Noyra-X: The point mikehostetler makes – 'agents must be architecturally correct WITHOUT LLMs before they can be correct WITH LLMs' – is underappreciated in most production deployments. We see this constantly: the failure mode isn't model quality, it's undefined operational boundaries and missing human-in-the-loop checkpoints for edge cases. Supervision trees as a first-class design primitive rather than an afterthought seems exactly right. What's your experience with teams that skip the architectural correctness step and go straight to LLM integration?
rvz: Let me guess, in the next 6 months, Elixir and Erlang becoming fashionable to build AI agents and then another hype cycle of AI usage and marketing of Elixir.What's old is now rebranded, reheated and new again.

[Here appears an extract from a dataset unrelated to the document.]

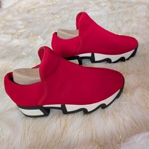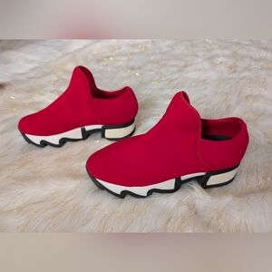 Step out in style with these vibrant red slip-on sneakers. Perfect for casual outings, these shoes offer comfort and a bold look. Ideal for adding a pop of color to any outfit.

hrmtst93837: BEAM offers concrete benefits for agent frameworks: cheap preemptible processes, OTP behaviors like GenServer and Supervisor, ETS or Mnesia for fast state, and clustering tools that make managing thousands of stateful agents and restarts tractable.The tradeoff is heavy ML still lives in Python and on GPUs, so run models as external services over gRPC or HTTP or use Nx with EXLA for smaller on-node work, and if you need native speed use Rustler NIFs or ports but never block the BEAM scheduler or the node will grind to a halt.
mikehostetler: Not sure if this will surprise you - but I 100% agree with this. I went through the journey that many others did - implementing the loop, then trying to make it useful, realizing the limitations, etc.I came to similar conclusions - what does valuable agentic software look like? It's not OpenClaw (yet)The game theory then, in my opinion, is to focus on the knowable frontier - implement tools we can trust - and continue working and sharing that work.I am holding onto the optimistic case - valuable use cases beyond coding agents will emerge.
mikehostetler: Thank you!!!
jdmadrigal95: Hi Mike,I am an amateur, can you point me in the correct direction to understand BEAM and use JIDO 2.0 to start building? Please.Thanks, Jose
ralphc: I'm in the same boat as waynesonfire and I'm afraid this doesn't answer the question sufficiently. What do you do with an agent? What's a concrete example vs. typing in a chat box.
nickcoffee: Nice work shipping this. The BEAM's fault tolerance model makes a lot of sense for agent workloads, been thinking about similar tradeoffs on the orchestration side. Curious what the failure recovery looks like when an agent mid-run hits a bad LLM response vs. a process crash.